** SUPPLIED MATERIAL **
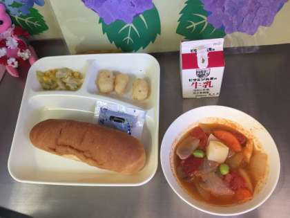 今日の給食は、コッペパン、ブルーベリージャム、牛乳、いかてんぷら、フレッシュトマトのスープ煮、サワーソテー、です。トマトには、ビタミンCやカロテン(皮ふやのど、鼻のねんまくを丈夫にし、体の抵抗力を高める)や食物せんい(おなかの掃除をする)が含まれています。今日の「フレッシュトマトのスープ煮」には生のトマトが使われています。
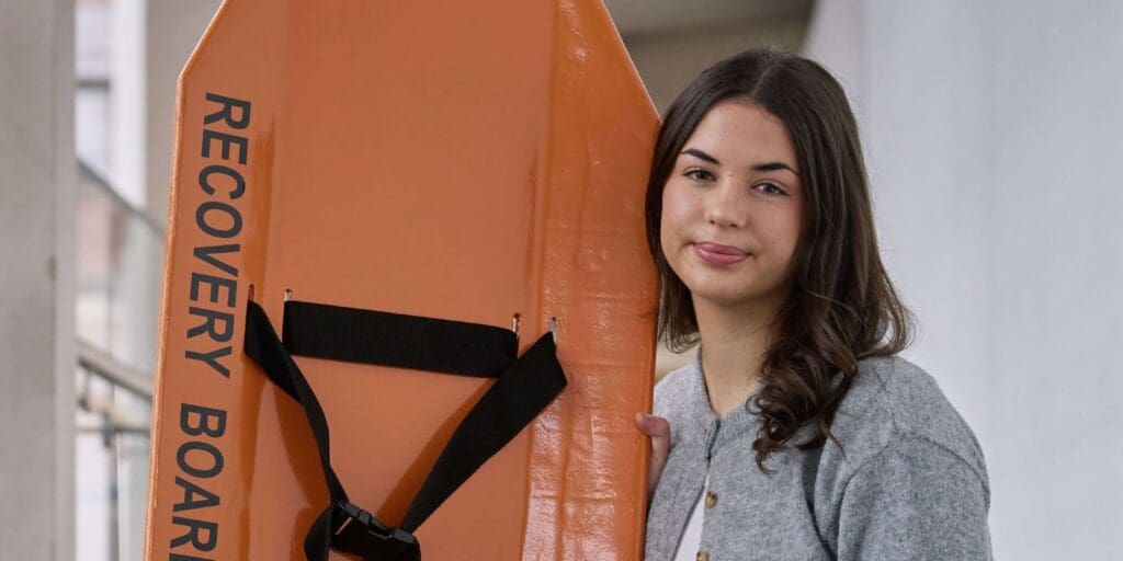 Molly identified that when rescuing a person out of water it is always a difficult process to get the casualty onto the boat without causing further injury. The weight of a fully clothed wet adult is a significant weight and is always challenging to get them onboard. This is a frequent problem faced by the RNLI. Molly’s experience as a RNLI lifeguard also helped her really appreciate the problem.
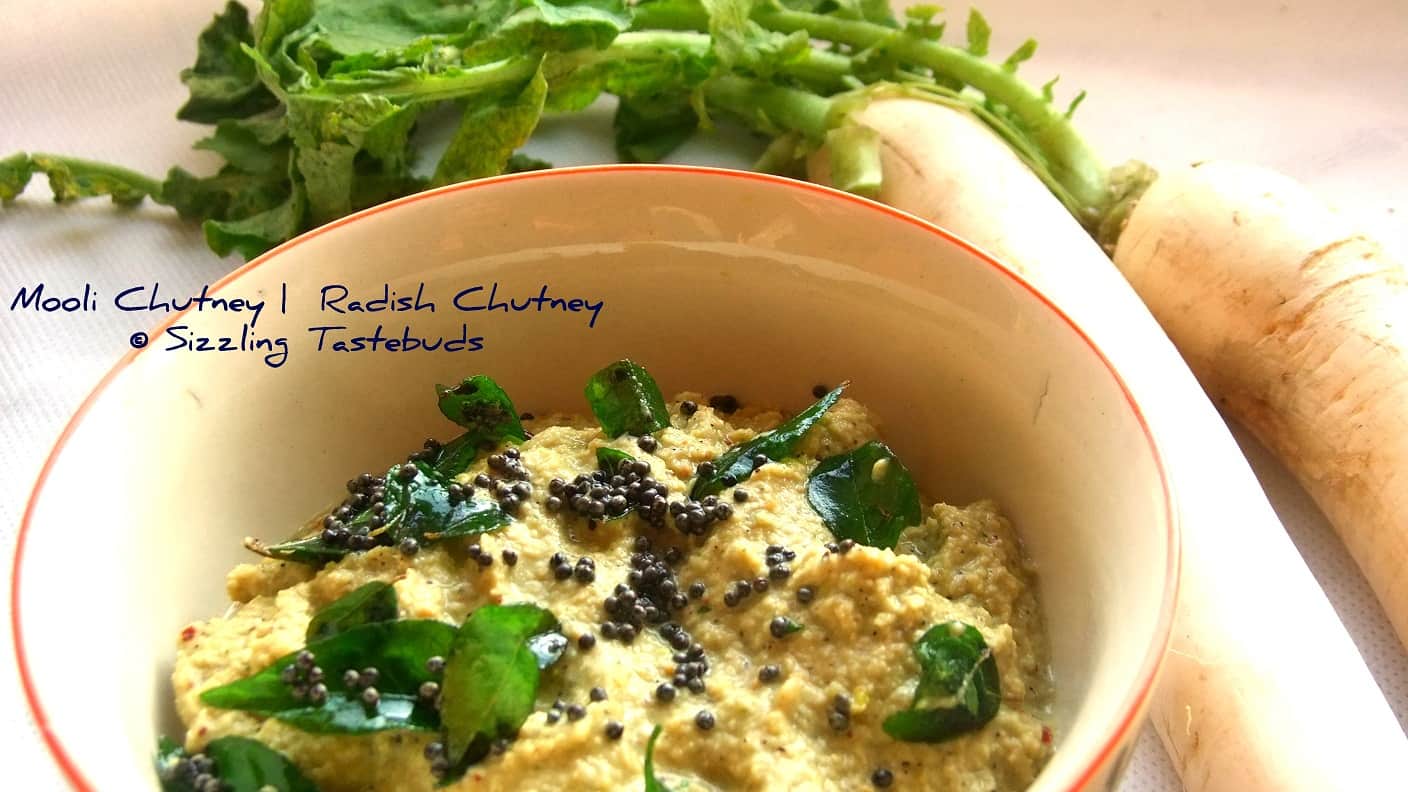 Mooli Chutney (or Radish Chutney) is one of the newest chutneys to add to my menu.. We love our vegetable / fruit based chutneys like Veg Peel Chutney, Apple Chutney, Ginger peanut chutneys to go with Idli/ Dosa. This experiment with whole (and grated) radish was a wonderful bitter-sweet chutney which we enjoyed with Set Dosa (lentil & flattened-rice crepes) a lot. Most chutneys or dips in South Indian are coconut-based. However, in my family we do prefer non-coconut based chutneys, especially for breakfast options along with Idli / Dosa.
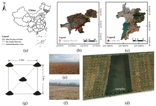 (a–c) The geographical location of Nanguan District, Changchun City, Jilin Province, China. (d) The distribution of 162 sample points in the study area. (e) Soil sampling reality of soybean-planted fields. (f) Soil sampling reality of corn-planted fields. (g) Five-point sampling method.
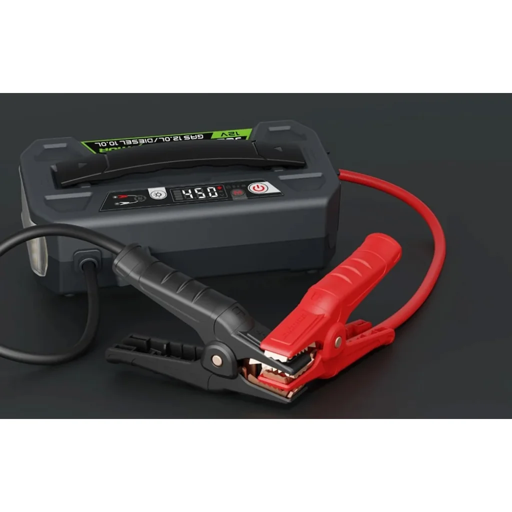 A LOKITHOR J5000 PRO 99,84 Wh kapacitású, 5000 A csúcsáramú indítóberendezés, amely akár 12,0 literes benzinmotorok és 10,0 literes dízelmotorok indítására is alkalmas. Modern LiFePO4 akkumulátorral rendelkezik, amely hosszú élettartamot, nagy stabilitást és biztonságos működést biztosít. A CONNECTMAX technológia automatikusan optimalizálja az akkumulátorhoz való csatlakozást, míg a 100 W-os PD gyorstöltés lehetővé teszi a teljes feltöltést akár 60 perc alatt. A készülék egyszerre használható bikázóként, power bankként és LED-es zseblámpaként, így sokoldalú és megbízható társ bármilyen helyzetben.
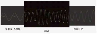 | Tryby listy (LIST), przemiatania (SWEEP), wzrostów i zapadów (Surge&Sag) Dzięki wyposażeniu w tryby listy, przemiatania oraz wzrostów i zapadów zasilacze serii IT7800 mogą zmieniać w sposób skokowy lub ciągły wartości parametrów wyprowadzanego sygnału. Wyprowadzaną amplitudą napięcia, częstotliwością, fazą, przebiegiem oraz innymi parametrami można sterować za pomocą wyzwalania wewnętrznego lub zewnętrznego przyrządu. Stąd też można symulować charakterystykę chwilowej awarii zasilania, udaru oraz powolne narastanie wyprowadzanej wielkości różnych zasilaczy. |
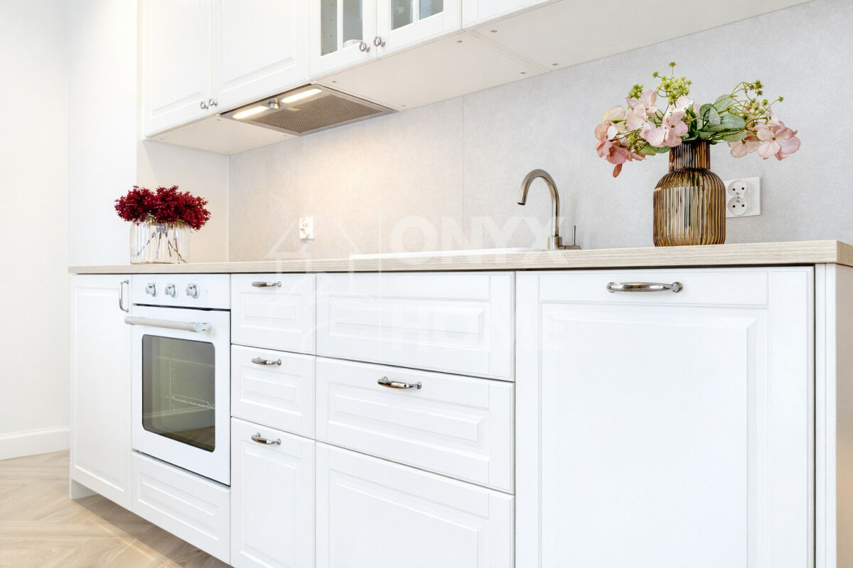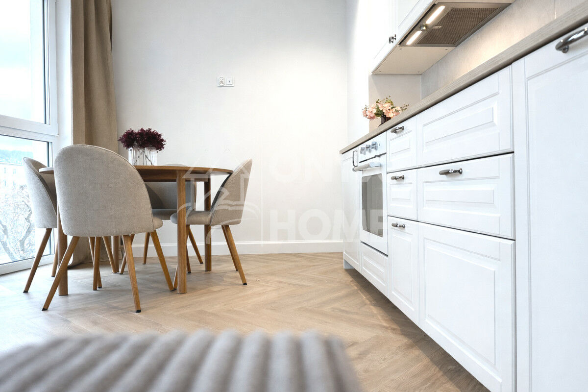 - kuchnia z oknem otwarta na salon wyposażona w lodówkę, zmywarkę, piekarnik, płytę indukcyjną, okap). Posiada pełen zestaw naczyń i akcesoriów kuchennych,
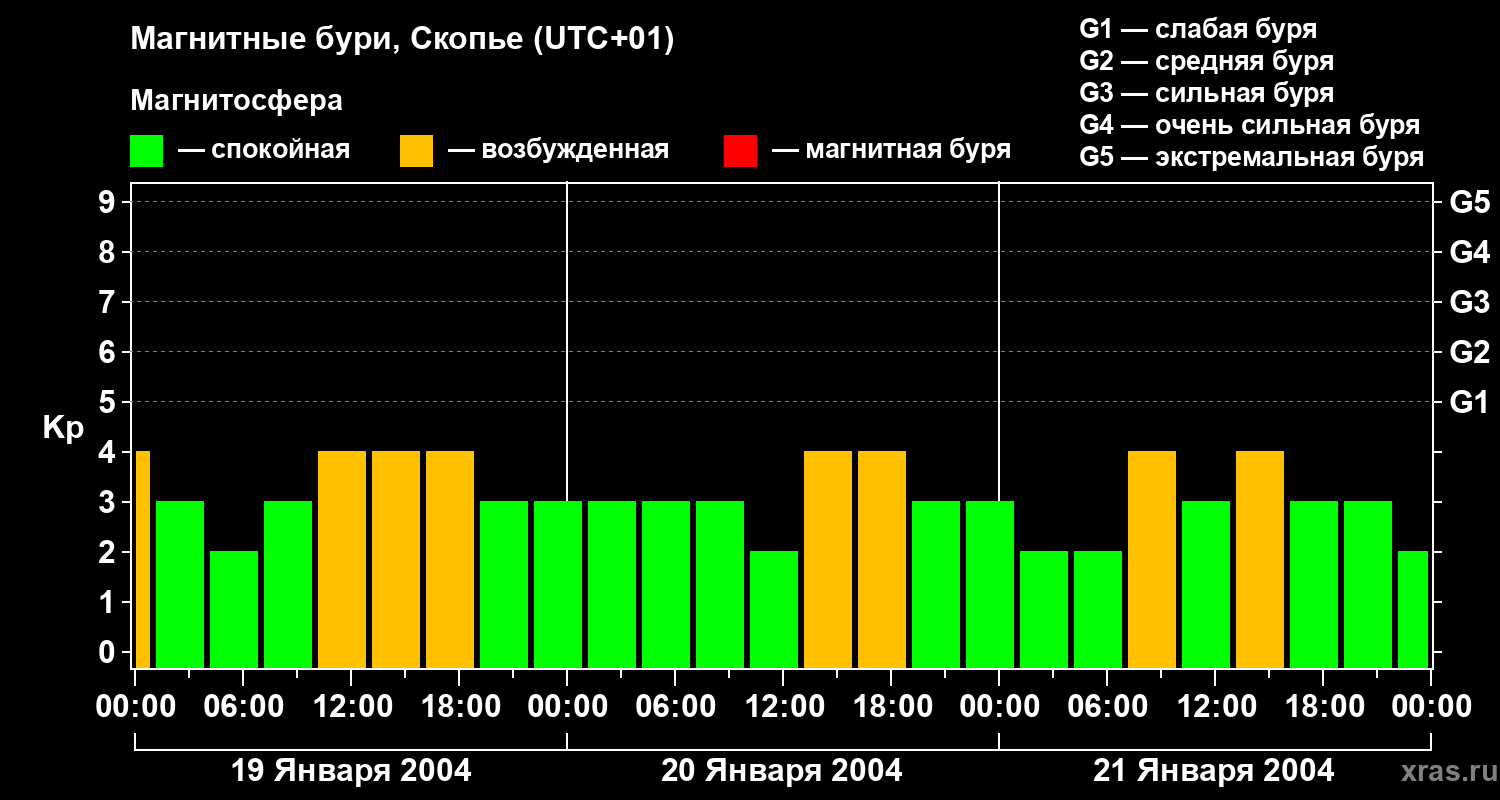 Изменения геомагнитного индекса Kp с 19 по 21 января 2004 года для средних широт
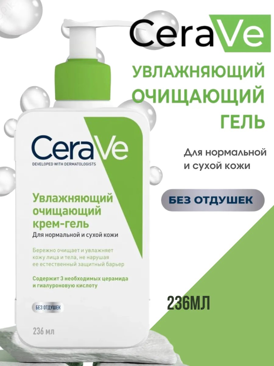 Крем-гель для умывания Цераве CeraVe Hydrating Cleanser 236мл - настоящий помощник в бережном очищении лица и тела. Очищающая и одновременно увлажняющая формула геля нежно заботится о Вас. Гипоаллергенный состав подходит для всех типов кожи: нормальной, сухой, комбинированной и чувствительной. Умывашка эффективно очищает и увлажняет кожу, способствует восстановлению защитного барьера. Она отлично удаляет макияж и помогает в борьбе с проявлениями постакне.
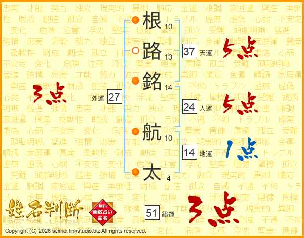 根(10画)路(13画)銘(14画) 航(10画)太(4画)

** TASK TO COMPLETE **
Every record above should be set down exactly, with the pictures left out.

** COMPLETED TASK **
 今日の給食は、コッペパン、ブルーベリージャム、牛乳、いかてんぷら、フレッシュトマトのスープ煮、サワーソテー、です。トマトには、ビタミンCやカロテン(皮ふやのど、鼻のねんまくを丈夫にし、体の抵抗力を高める)や食物せんい(おなかの掃除をする)が含まれています。今日の「フレッシュトマトのスープ煮」には生のトマトが使われています。
 Molly identified that when rescuing a person out of water it is always a difficult process to get the casualty onto the boat without causing further injury. The weight of a fully clothed wet adult is a significant weight and is always challenging to get them onboard. This is a frequent problem faced by the RNLI. Molly’s experience as a RNLI lifeguard also helped her really appreciate the problem.
 Mooli Chutney (or Radish Chutney) is one of the newest chutneys to add to my menu.. We love our vegetable / fruit based chutneys like Veg Peel Chutney, Apple Chutney, Ginger peanut chutneys to go with Idli/ Dosa. This experiment with whole (and grated) radish was a wonderful bitter-sweet chutney which we enjoyed with Set Dosa (lentil & flattened-rice crepes) a lot. Most chutneys or dips in South Indian are coconut-based. However, in my family we do prefer non-coconut based chutneys, especially for breakfast options along with Idli / Dosa.
 (a–c) The geographical location of Nanguan District, Changchun City, Jilin Province, China. (d) The distribution of 162 sample points in the study area. (e) Soil sampling reality of soybean-planted fields. (f) Soil sampling reality of corn-planted fields. (g) Five-point sampling method.
 A LOKITHOR J5000 PRO 99,84 Wh kapacitású, 5000 A csúcsáramú indítóberendezés, amely akár 12,0 literes benzinmotorok és 10,0 literes dízelmotorok indítására is alkalmas. Modern LiFePO4 akkumulátorral rendelkezik, amely hosszú élettartamot, nagy stabilitást és biztonságos működést biztosít. A CONNECTMAX technológia automatikusan optimalizálja az akkumulátorhoz való csatlakozást, míg a 100 W-os PD gyorstöltés lehetővé teszi a teljes feltöltést akár 60 perc alatt. A készülék egyszerre használható bikázóként, power bankként és LED-es zseblámpaként, így sokoldalú és megbízható társ bármilyen helyzetben.
 | Tryby listy (LIST), przemiatania (SWEEP), wzrostów i zapadów (Surge&Sag) Dzięki wyposażeniu w tryby listy, przemiatania oraz wzrostów i zapadów zasilacze serii IT7800 mogą zmieniać w sposób skokowy lub ciągły wartości parametrów wyprowadzanego sygnału. Wyprowadzaną amplitudą napięcia, częstotliwością, fazą, przebiegiem oraz innymi parametrami można sterować za pomocą wyzwalania wewnętrznego lub zewnętrznego przyrządu. Stąd też można symulować charakterystykę chwilowej awarii zasilania, udaru oraz powolne narastanie wyprowadzanej wielkości różnych zasilaczy. |
 - kuchnia z oknem otwarta na salon wyposażona w lodówkę, zmywarkę, piekarnik, płytę indukcyjną, okap). Posiada pełen zestaw naczyń i akcesoriów kuchennych,
 Изменения геомагнитного индекса Kp с 19 по 21 января 2004 года для средних широт
 Крем-гель для умывания Цераве CeraVe Hydrating Cleanser 236мл - настоящий помощник в бережном очищении лица и тела. Очищающая и одновременно увлажняющая формула геля нежно заботится о Вас. Гипоаллергенный состав подходит для всех типов кожи: нормальной, сухой, комбинированной и чувствительной. Умывашка эффективно очищает и увлажняет кожу, способствует восстановлению защитного барьера. Она отлично удаляет макияж и помогает в борьбе с проявлениями постакне.
 根(10画)路(13画)銘(14画) 航(10画)太(4画)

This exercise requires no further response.